Another prayer taught by St. Gertrude the Great which is supposed to save 1,000 souls everytime it is said is this:
“Eternal Father, I offer Thee the Most Precious Blood of Thy Divine Son, Jesus, in union with the masses said throughout the world today for all the Holy Souls in Purgatory, for sinners everywhere, for sinners in the Universal Church, those in my own home and within my family. Amen.”
It’s okay to be human! We are made in image of God. Jesus is God but enormously human too.
“In my ‘little way every thing is most ordinary; all that I do, little souls must be able to do likewise. (Saint Therese of Lisieux)
Dear Jesus, please reveal brilliantly to all, that You do not require that individuals need to be regarded as Saints, in order to be Your saints.
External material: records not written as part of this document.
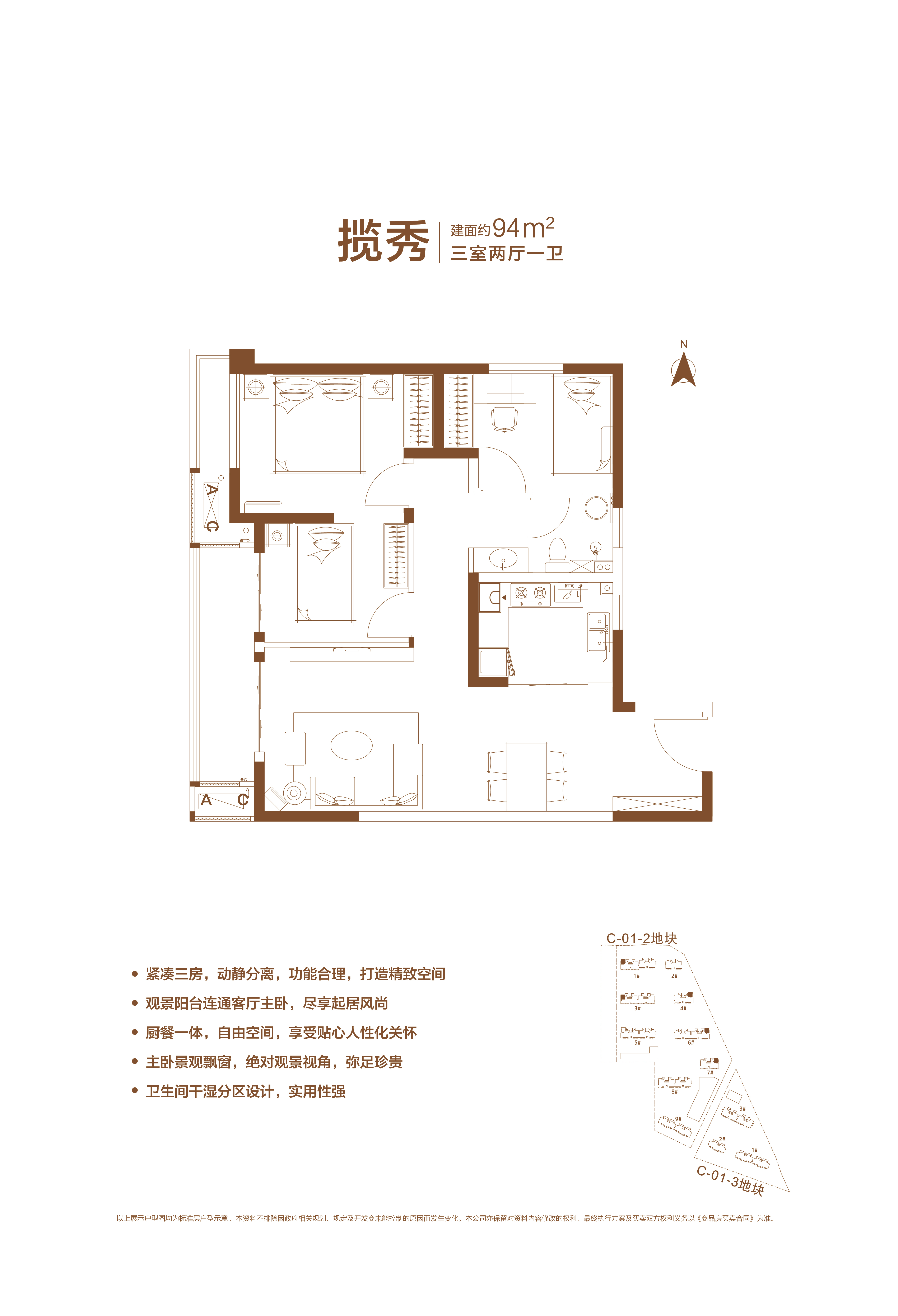 3室2厅1卫-揽秀-三室两厅一卫-94㎡
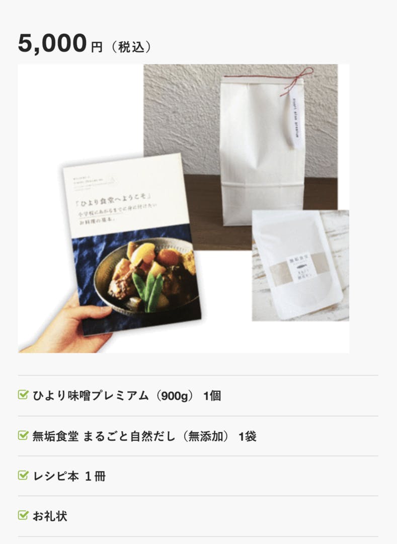 「レシピ本」「ひよりプレミアム味噌」「無垢食堂のだし」の三点セット
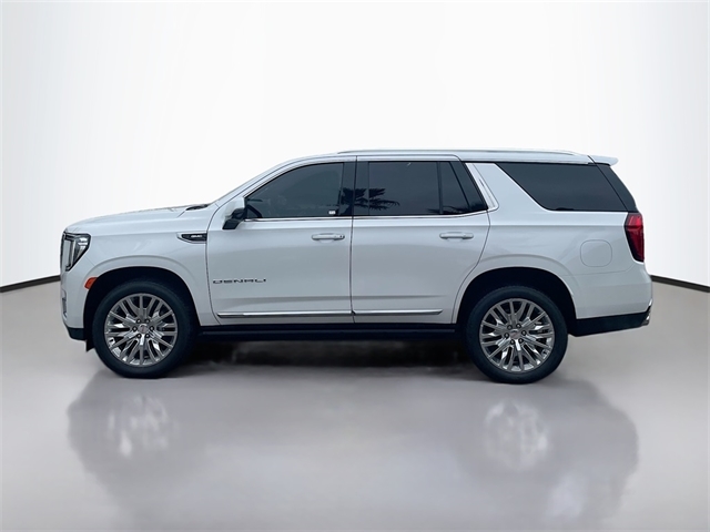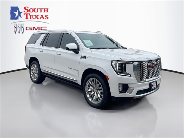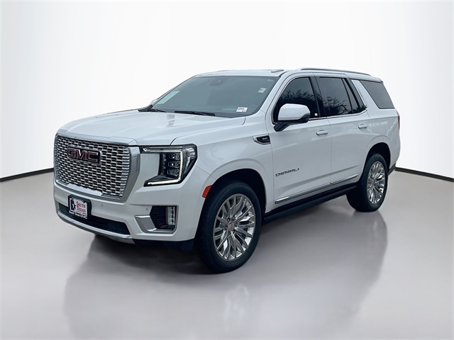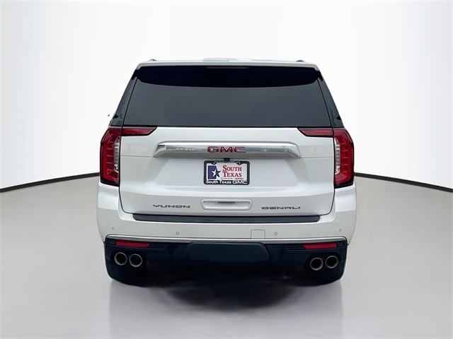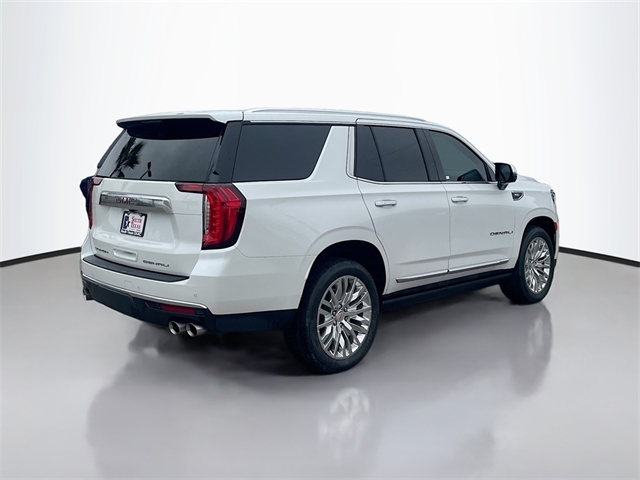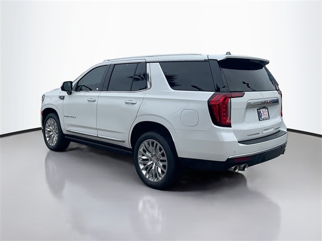 Clean CARFAX. White Frost Tricoat 2023 GMC Yukon Denali RWD 10-Speed Automatic with Overdrive EcoTec3 6.2L V8
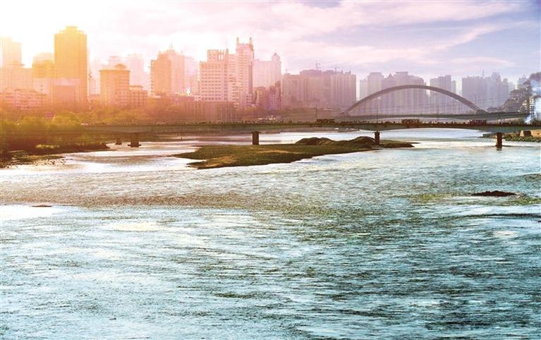 河分南北,勢(shì)接?xùn)|西。舒寧陜之博帶廣袖,帶青藏之峨冠雪衣。山逶迤而續(xù)祁連,水澎湃而瀉右?guī)?。匯洮湟之迤邐,有容乃大;與華夏之康莊,唇齒相依??睾游髯呃?,自古而始;俯渭涇秦川,由朝至夕。綴葫蘆狀岸渚坪灘,幾多古渡;依膏腴處坡谷盆地,即就蕃息。筑虹蜺經(jīng)百年,鐵橋第一;盤游龍於今朝,立交數(shù)十。去病鞭地,五泉山勝于秀逸;永誠(chéng)建院,白塔寺高于云齊。指點(diǎn)九州,大禹登九州之臺(tái);漂流黃河,洋人恐招手之磯。草覆馬銜而能牧,林茂興隆云可棲。繞營(yíng)盤高嶺排五,峙雄關(guān)沿河有七。留千古名,白馬浪細(xì)聽湍流不息;鎖萬代鑰,金城關(guān)只留站牌不奇。雷壇留碑,金天觀曾殿宇壯麗;華林無寺,節(jié)能燈照幽路石基。湍流黃河,九曲回腸依然東去;水轉(zhuǎn)輪盤,十方高地亦滿紛披。
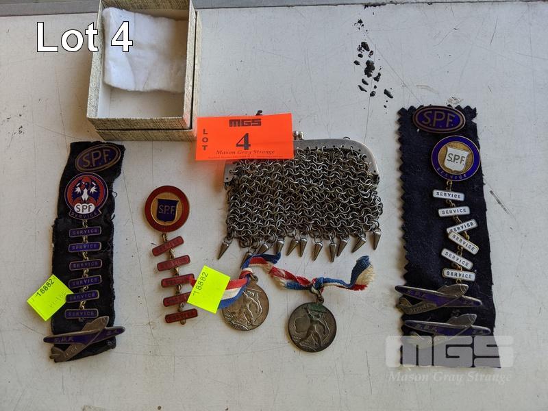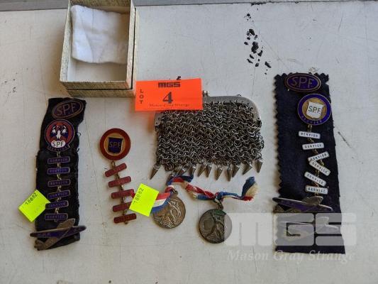 COLLECTION SPF SERVICE PINS, BADGES & MEDALS & CHAIN MESH PURSE
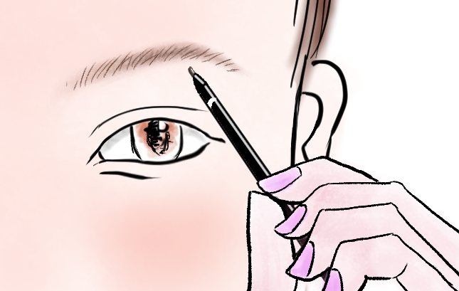先ほどのパウダーより少し濃い色味のペンシルで自眉が薄く見えるポイントを意識し
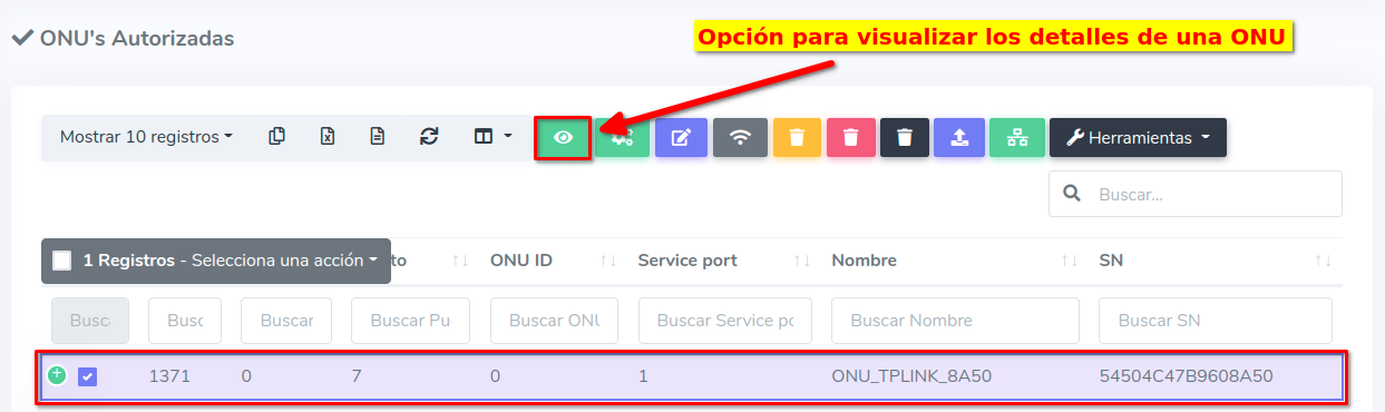 1Para ver los dispositivos que aún no han sido autorizados, debemos dirigirnos a la sección ONU > Sin Autorizar y seleccionar alguna ONU disponible.
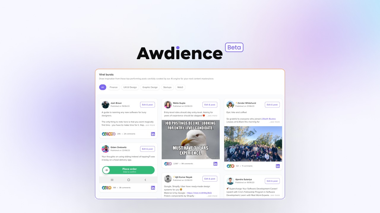 With Awdience, you can access a never-ending stream of content ideas, including viral posts and the latest industry news.
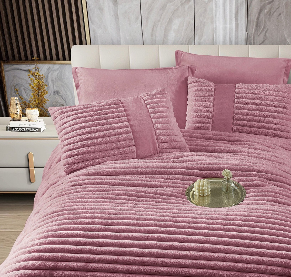Lenjerie de pat cu Pilota Inclusa, Jojo Home, Cearceaf cu Elastic, 6 Piese, Blana de Iepure Artificiala, Roz
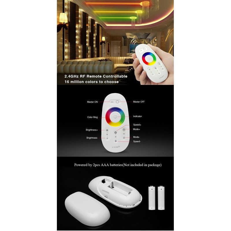 - 1)Remote Control:You can control this strip controller receiver box with 2.4GHz wireless remote.30 meters=98 feet control distance,high wall-through ability,you can control led strip light easily.Remote is included in this package(Without batteries)!
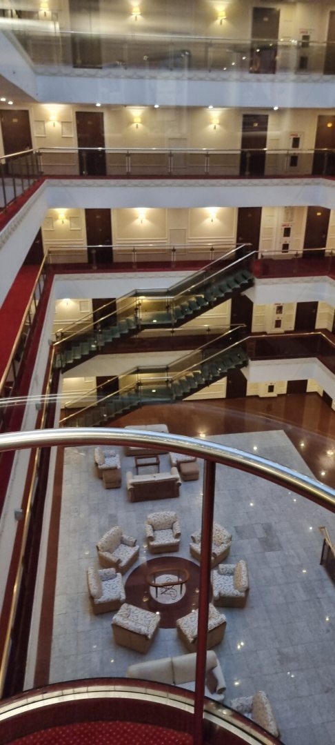 Лифт в отеле - зрелищный, видно весь атриум, состоящий из верхнего зала со стеклянной крышей и нижнего - с роскошной люстрой! Между этажами есть стеклянные лестницы и красивые переходы. Отдыхать в этом отеле - просто праздник! Рекомендую!
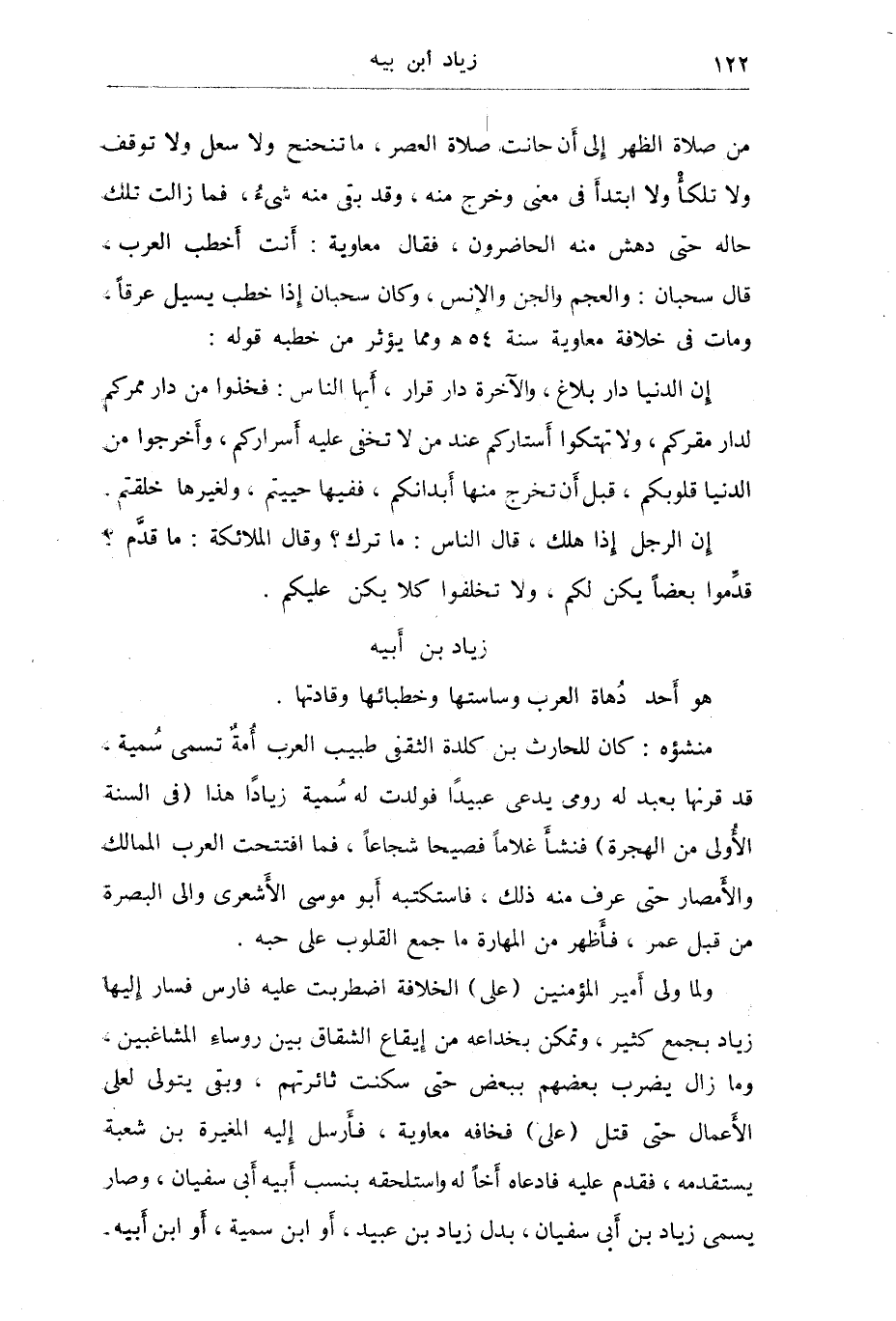 وولاه معاوية العراقين وهو أول من جمع له بينهما فسار في الناس سيرة لم بها الشعث وأقام بها المعوج وكبح الفتنة واشتط في العقوبة وأخذ بالظنة وعاقب على الشهة حتى شمل خوفه جميع الناس فأمن بعهم بعضاً وكان الشيء يسقط من يد الرجل أو المرأة فلا يعرض له أحد حتى يأبى صاحبه فيأخذه بل كان لا يغلق أحد بابه وكان زياد يقول: (لو ضاع حبل بيني وبين خراسان لعرفت آخذه) وكان مكتوباً في مجلس عنوان سياسته وهي (الشدة في غير عنف واللين في غير ضعف المحسن سيجازى بإحسانه والمسيء يعاقب بإساءته) وتوفي بالكوفة في رمضان سنة 53هـ?.

Assure them that holiness is Your action, not ours! Let them read the gospels and reflect on what they read, discovering that You were truly human, that you wept, felt pain, joy, and exasperation, “How long do I have to put up with this faithless generation!”) [Mark 9:19]
You became angry [in the Temple]. You were sometimes disappointed, sometimes weary.
You felt the need to be alone, and the desire to escape a dreadful ordeal (“let this cup pass from me”). [Luke 22:42]
Then in the depths of suffering, You found faith difficult, (“My God, why have You abandoned me?”) [Psalm 22:1]
Why did not the evangelists record Your laughter! How sober of them! However, they do record as Your lyrical delight over little children, (“Blessed are You, Father, Lord of Heaven and Earth! You have revealed to little ones, the mysteries of Your Kingdom!” [Matthew 11:25]
Jesus, ask Your people to observe that You lived the ordinary life for about thirty years. If You had not wanted to make such an issue about being vulnerably human, You could have come as a glorious, fully developed human Personage. Jesus, truly human, truly God, help us to become fully human, fully whole.
I’ll PM you later. Have visitors
I really want to talk to you about this, and to reassure you.
Praying for you. Don’t be so hard on yourself, just do the best you can, nobody’s perfect!
Hail Mary, full of grace, the Lord is with Thee. Blessed art thou among women, and blessed is the Fruit of thy womb, Jesus. Holy Mary, Mother of God, pray for us sinners, now and at the hour of our death. Amen.